It was a typical 10th grade essay question. I can still see the red ink circling my first wish on my returned paper; I had written "health."

"Good health or bad health?"

"Well, duh?" I remember my brilliant 16-year-old sarcasm so clearly. "Who would wish for bad health?"

And as my revenge on this injustice, I used the same technique grading papers for 25 years. I lectured that it was a lesson in being specific. Students need to pay attention to those details where the devil hangs out. The kids loved me for that one, you can imagine.

I've had some of those same students, neighbors and a few friends ask me my opinion about the Common Core Standards. Do I like them? Do I agree with their mission?

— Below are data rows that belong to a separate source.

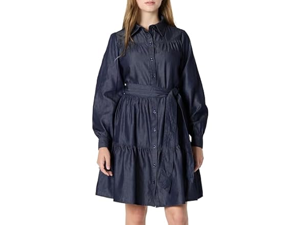 Amazon Essentials Womens Chambray Tiered Dress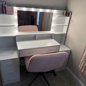 ·Vanity Set with Charging Station: Our vanity set with a charging station on the right side cabinet. There are 2 plugs and 2 USB ports to fit your different devices. It's so convenient to charge any devices beside you. When you enjoy the makeup, you and use the hair curler and charge your phone at the same time.
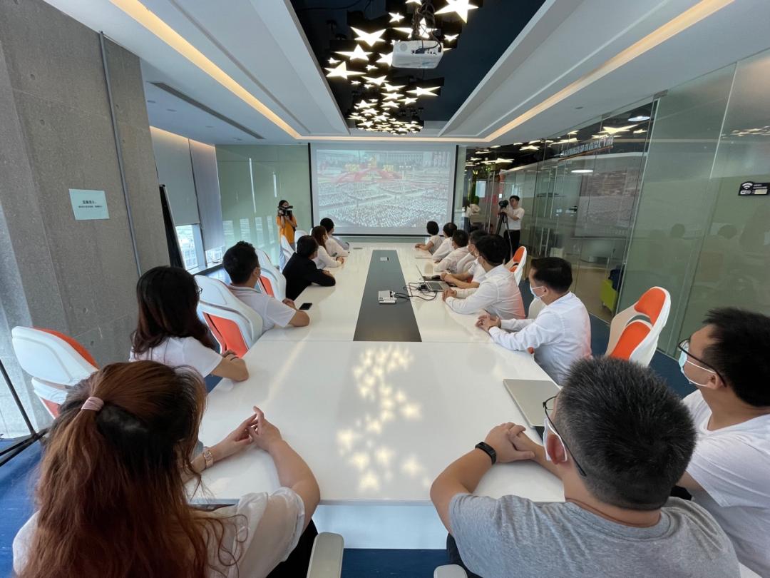 7月1日上午,在福田团区委的组织下,河套深港科技创新合作区的粤港澳创业青年代表集中收听收看了庆祝中国成立100周年大会直播。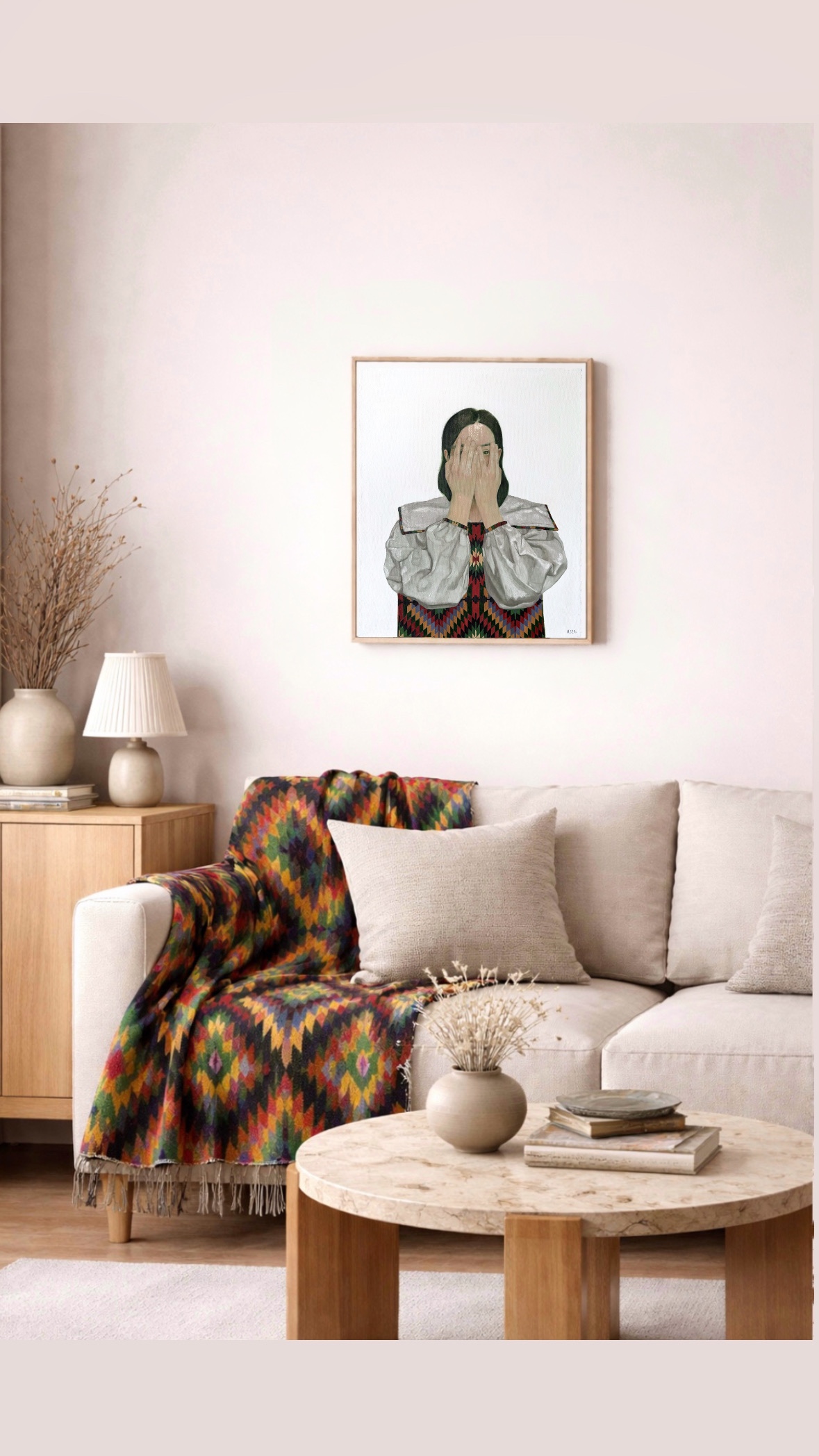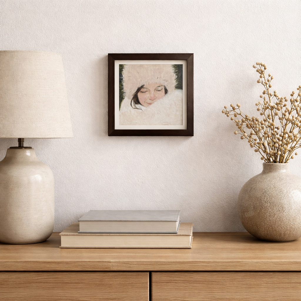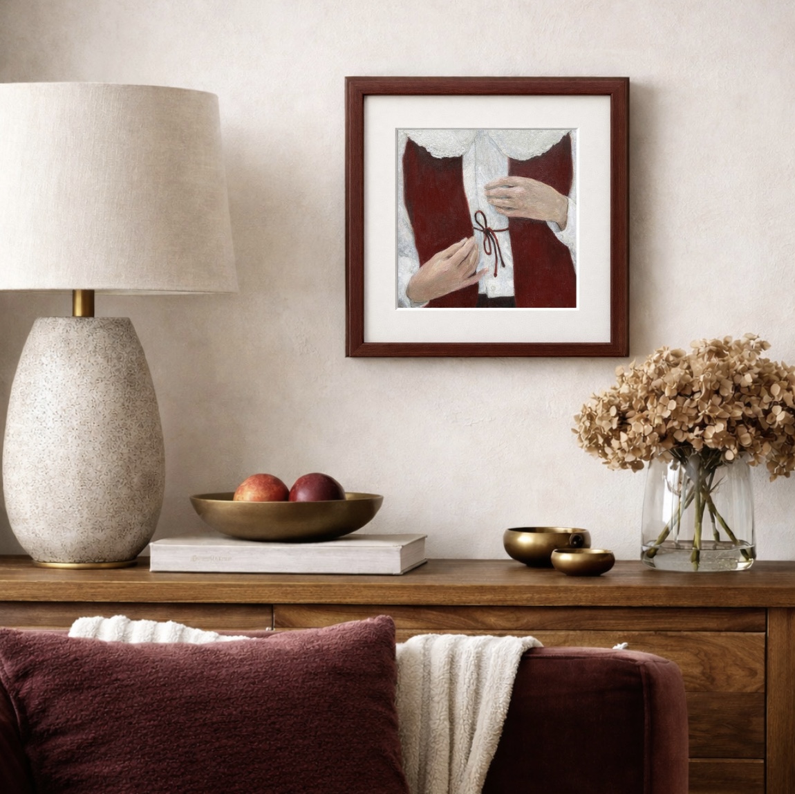 Левая часть триптиха "Модистка", 2024 Смешанная техника, 30х30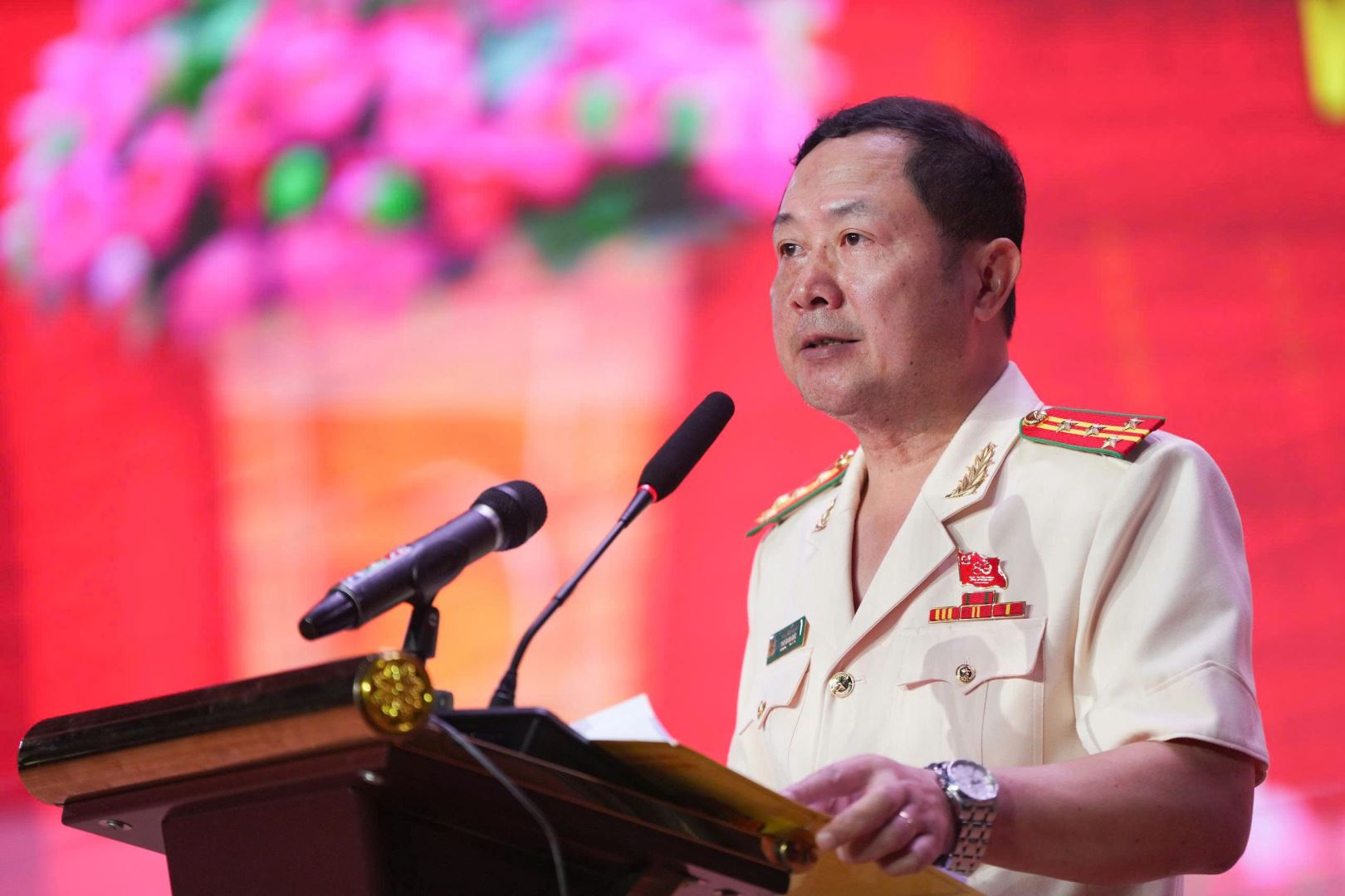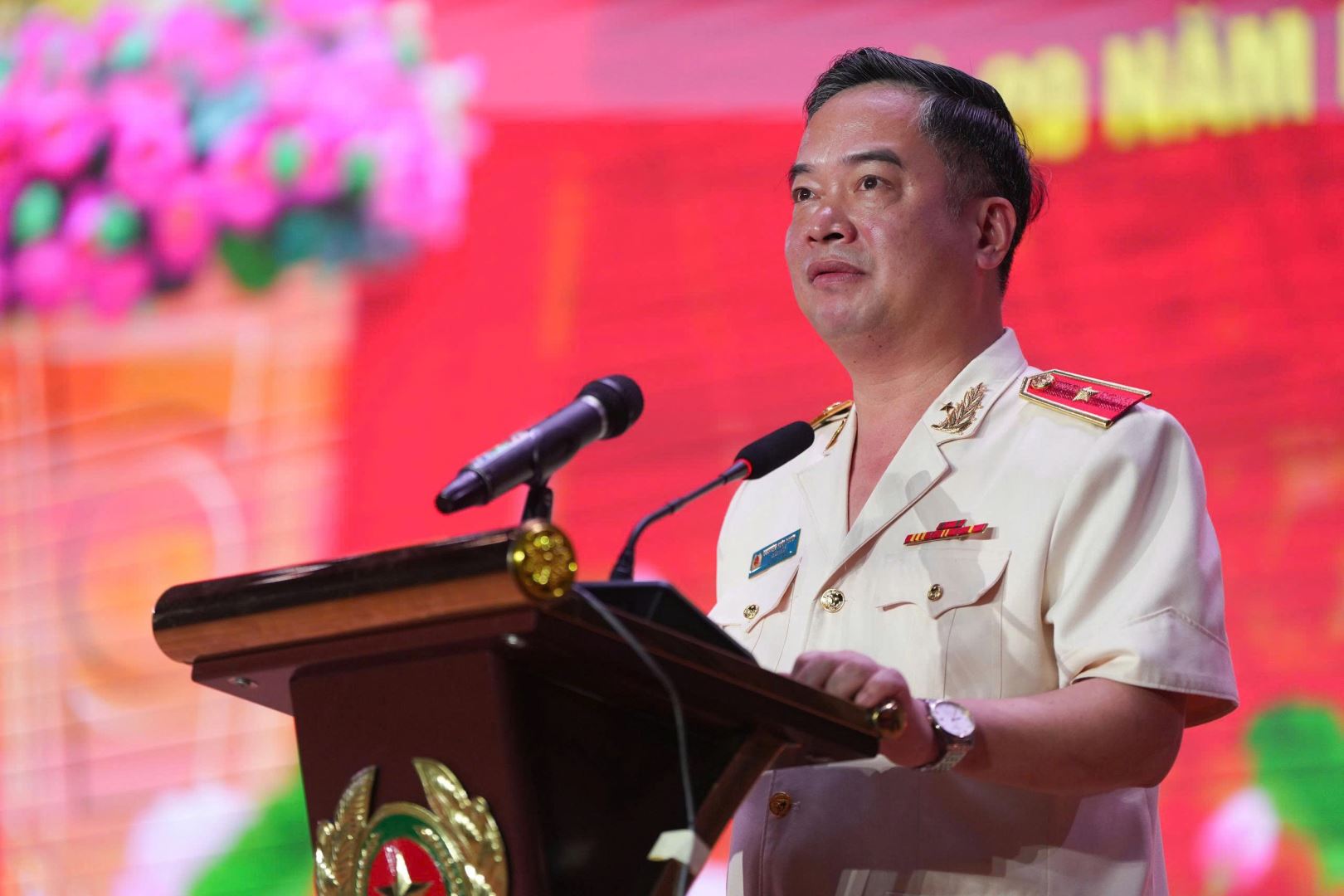 Thiếu tướng Nguyễn Hữu Phước, Bí thư Đảng ủy, Giám đốc Công an tỉnh đã đọc diễn văn ôn lại truyền thống 80 năm Ngày truyền thống CAND Việt Nam và 20 năm Ngày hội TDBVANTQ

Well, let's go to the source and examine the mission statement from the website (link). There's not much to dislike. Mission statements are always so beautifully vague and silly that when I pass them, even by the coffee stand at a 7-11, I can't help but want to pull out my red pen. For example...

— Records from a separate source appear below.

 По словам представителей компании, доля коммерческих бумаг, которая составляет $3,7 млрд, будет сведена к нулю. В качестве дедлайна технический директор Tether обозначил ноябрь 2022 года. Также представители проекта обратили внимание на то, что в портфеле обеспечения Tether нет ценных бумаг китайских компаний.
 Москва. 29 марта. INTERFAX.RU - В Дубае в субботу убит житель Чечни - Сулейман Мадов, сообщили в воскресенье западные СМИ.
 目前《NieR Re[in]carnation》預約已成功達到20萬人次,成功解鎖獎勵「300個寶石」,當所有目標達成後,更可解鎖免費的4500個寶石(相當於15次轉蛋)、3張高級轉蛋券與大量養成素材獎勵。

  • The Common Core State Standards provide a consistent, clear understanding of what students are expected to learn, so teachers and parents know what they need to do to help them. (If you're clear aren't you probably already consistent? Can you document an understanding; for example, how many objectives are in an understanding?)

  • The standards are designed to be robust and relevant to the real world, reflecting the knowledge and skills that our young people need for success in college and careers. (They may be designed to be robust, but are they actually robust? What does robust mean? Lots of alliteration with all of those "r" words. Also, on the flipside, is it instead possible to provide robust and relevant standards to a non-real world?)
  • With American students fully prepared for the future, our communities will be best positioned to compete successfully in the global economy. (By "American" do you mean legal citizens of the United States or anyone living in our boundaries? Also, Mexicans and Chileans are also "Americans." Can a community compete in a global economy? "Next week, be sure to join us as Akron takes on Beijing at Soldier Field!" )
  • State of the Union Vagaries

    It's what only gets me four minutes into watching a State of the Union speech before I look for a rerun of The Andy Griffith Show -- I need something more real -- and Deputy Barney Fife of Mayberry seems like Walter Cronkite, in comparison. Those speeches are buzzwords-on-parade. (And if you are in the audience, forget your American flag lapel pin and don't stand up and applaud for two minutes for each of the following vagaries you deserve to be trounced at the next PTA election.)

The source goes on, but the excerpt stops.